Был теплый для Ярска день, что-то около минус двадцати. Блестел снег. Они шли в куртках, валенках, никто бы не подумал, что они только вышли из загса. И хорошо, что никто бы не подумал. Окна в домах были покрыты льдом, под форточками висели авоськи с мясом.
— Мы однажды сидели,— говорила Женя,— а мать рассказывала про свою жизнь. Как хлеб выменивала на одежду, как доставала дрова... Отец работал и никогда не думал о себе. Он бы, наверное, давно умер, если бы ему не напоминали, что нужно поесть или поспать. А я спросила: «Мам, сколько тебе тогда было?» — «Двадцать»,— отвечает. «А ему? Отцу?» — «Ему двадцать один». Я подумала вдруг: а сейчас девчонки в двадцать только о чулках да кинофильмах думают. Совсем мы какие-то некрупные по сравнению с родителями, правда?
В общежитии они зашли в комнатку Усольцева и стали примерять его костюмы на Виктора.
Своего у Виктора еще не было.
Выбрали один, темно-синий, хотя он и был великоват. Нашли подходящую сорочку и галстук. Женя смотрела, как неумело Виктор завязывает галстук, подумала: «Как мой отец. Он тоже галстуков не любит. Придет с какого-нибудь совещания, снимет галстук и зашвырнет в угол».
Женя сказала:
— Примеряй, я пойду к себе.
Усольцев лежал на кровати и листал книжку. Он спросил:
— Нинка с вами ездила? Ты вот что. Ты увидишь, передай ей, что я просил зайти. Нам нужно поговорить, на днях жена приезжает.
«Чего это он рассказывает мне про свою жену?» — подумал Виктор.
— Ваша жена? — спросил он, видя в зеркале Усольцева.— Скажите, а вы жену любите? — Он поправился:— Любили, когда женились?
Вопрос прозвучал наивно. Усольцев смотрел в книжку, нос у него в профиль был великоват. Он мог, наверное, не отвечать. Непонятно зачем, но он ответил серьезно:
— Видишь ли, мы давно поженились, это сейчас не объяснишь. Когда проживешь с наше...
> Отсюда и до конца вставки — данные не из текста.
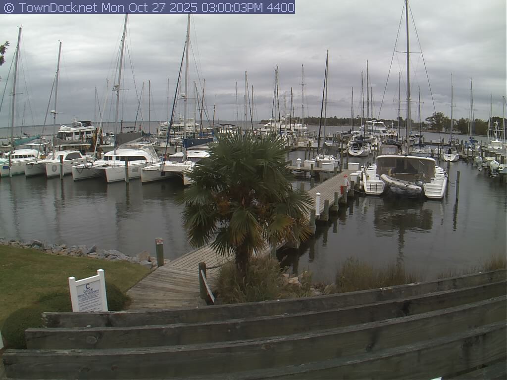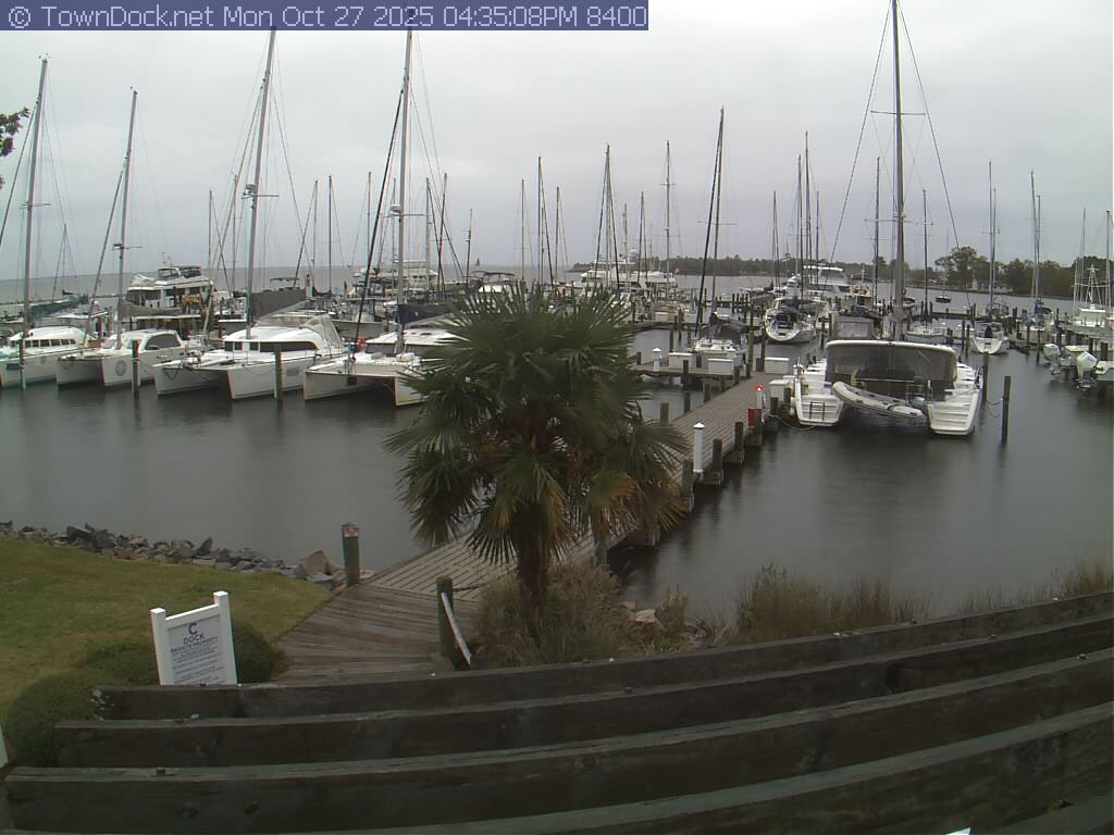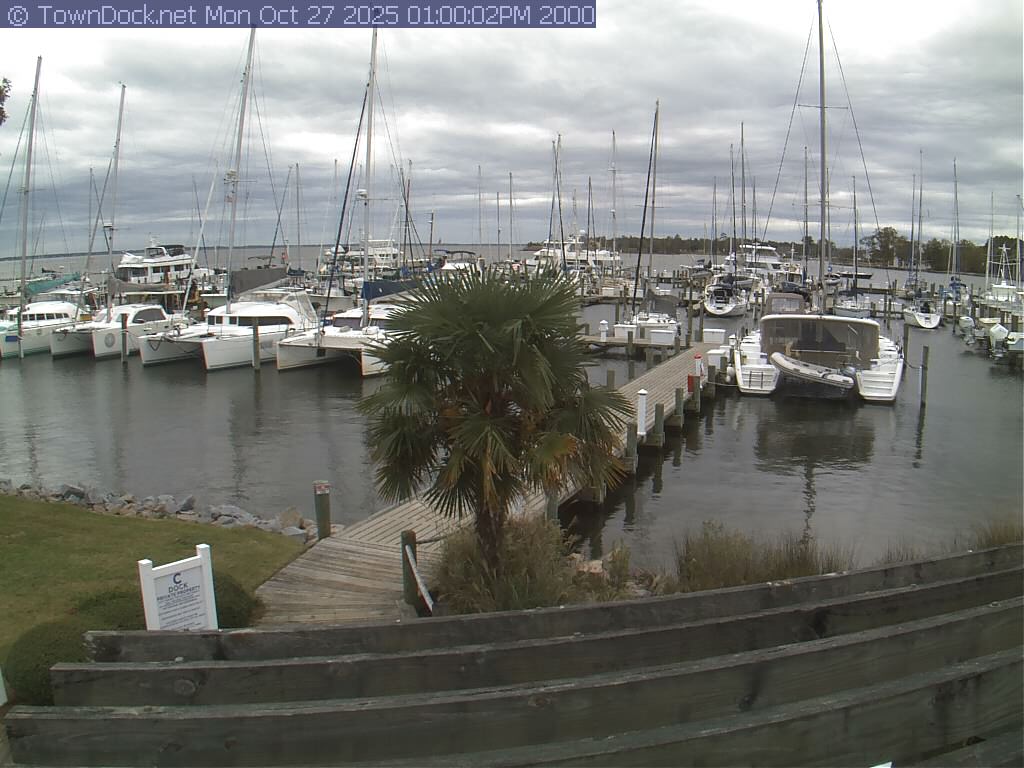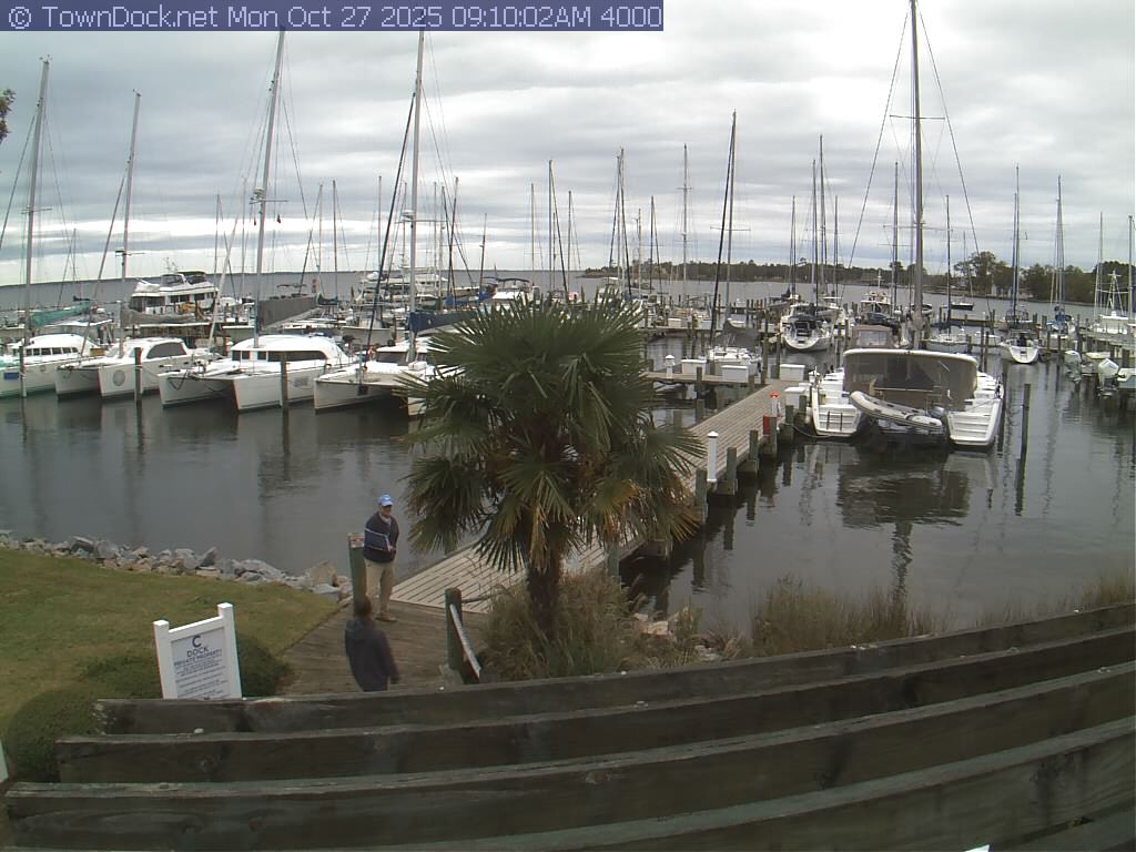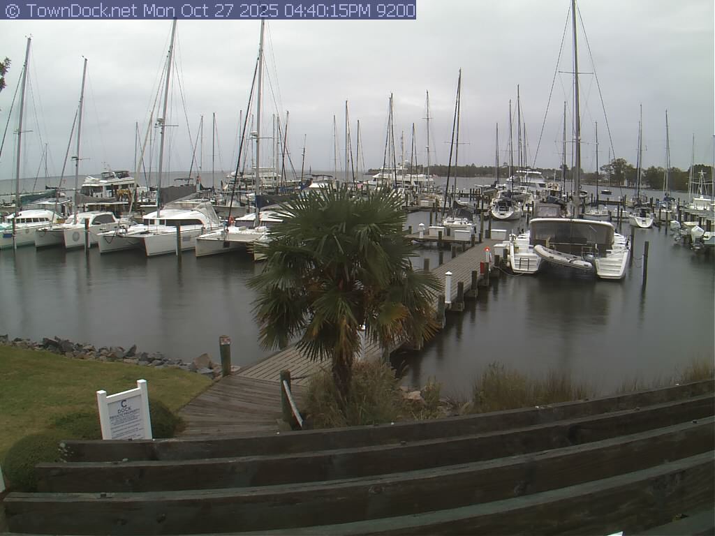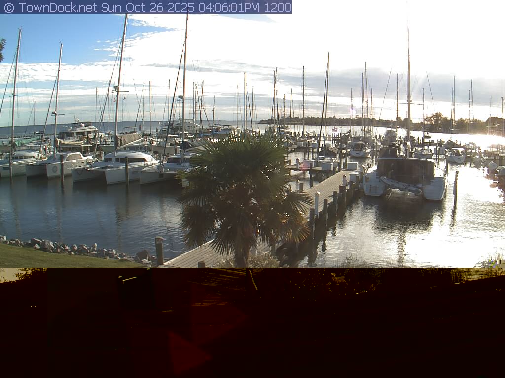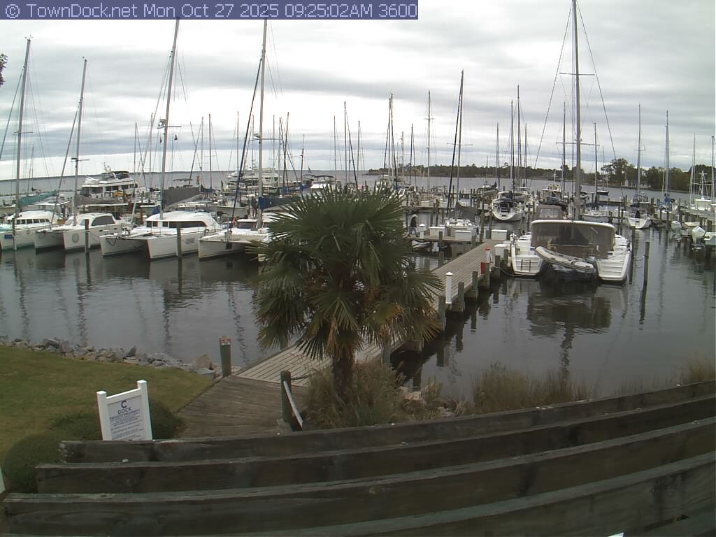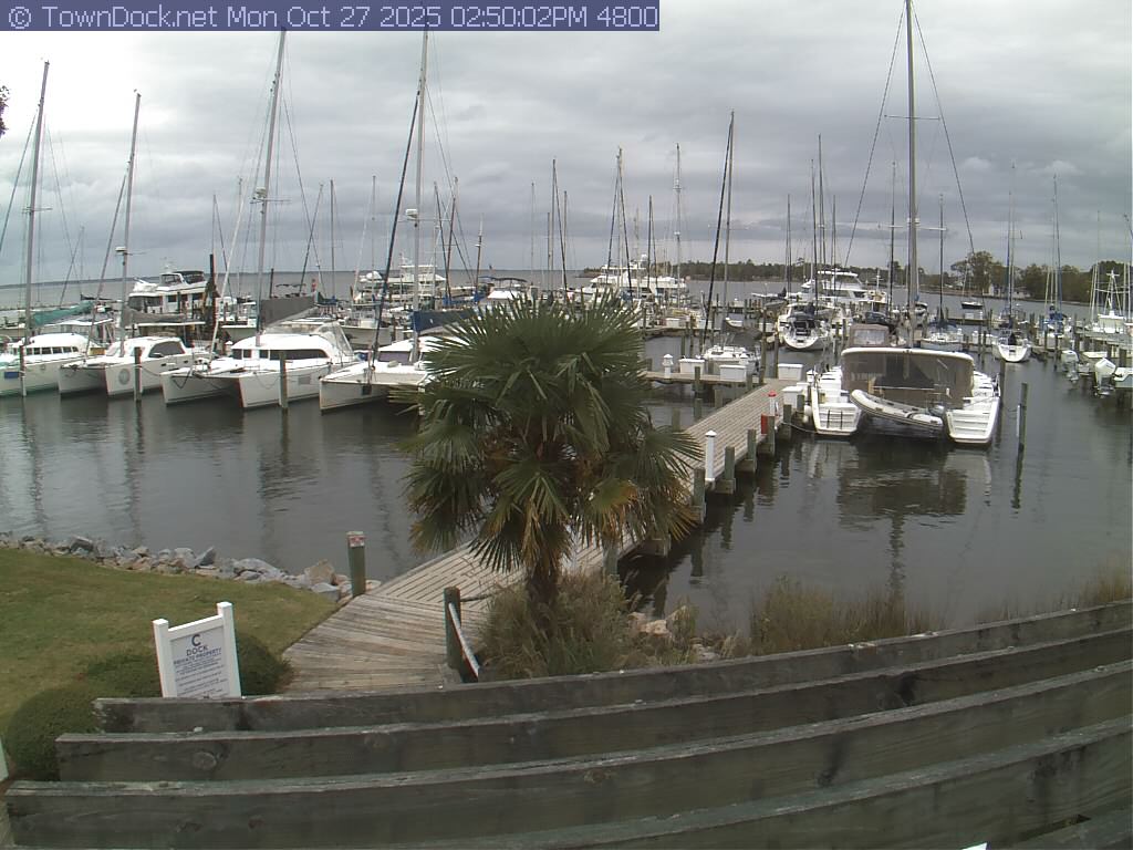 shows Oriental Harbor Village Marina, with the Oriental anchorage & Neuse River in the background. OHVM Cam takes a new picture every five minutes from dawn til just before dusk. Click on the image to see a larger version. Once you see that larger version, you can click (see arrow at right) to go back in time and see recent photos. Harbor Cam currently takes photos from 6:30am to 6:40pm.

Он повернулся и стал смотреть на Виктора, на его лицо в зеркале и на свой костюм, который он мог видеть на Викторе со спины.
Виктор с самого начала понимал, что вопрос его был не к месту и вообще весь этот разговор, который так нескладно завязался. Но он сказал:
— Я буду всегда любить. Сколько бы я с ней ни прожил, все равно.
Он не столько обвинял Усольцева, даже вообще не обвинял его, он утверждал свои чувства. Будто бы тем, что он говорил, он защищал свою любовь перед будущим, которое по примеру Усольцева угрожало и ему.
— Я знаю,— говорил он, волнуясь,— вы думаете: «Все мы это говорим, но проходят годы, мы изменяемся, изменяются наши чувства, отношения, взгляды». Я ведь знаю, что вы так думаете, но я никогда не поступлю так, как вы. Честное слово.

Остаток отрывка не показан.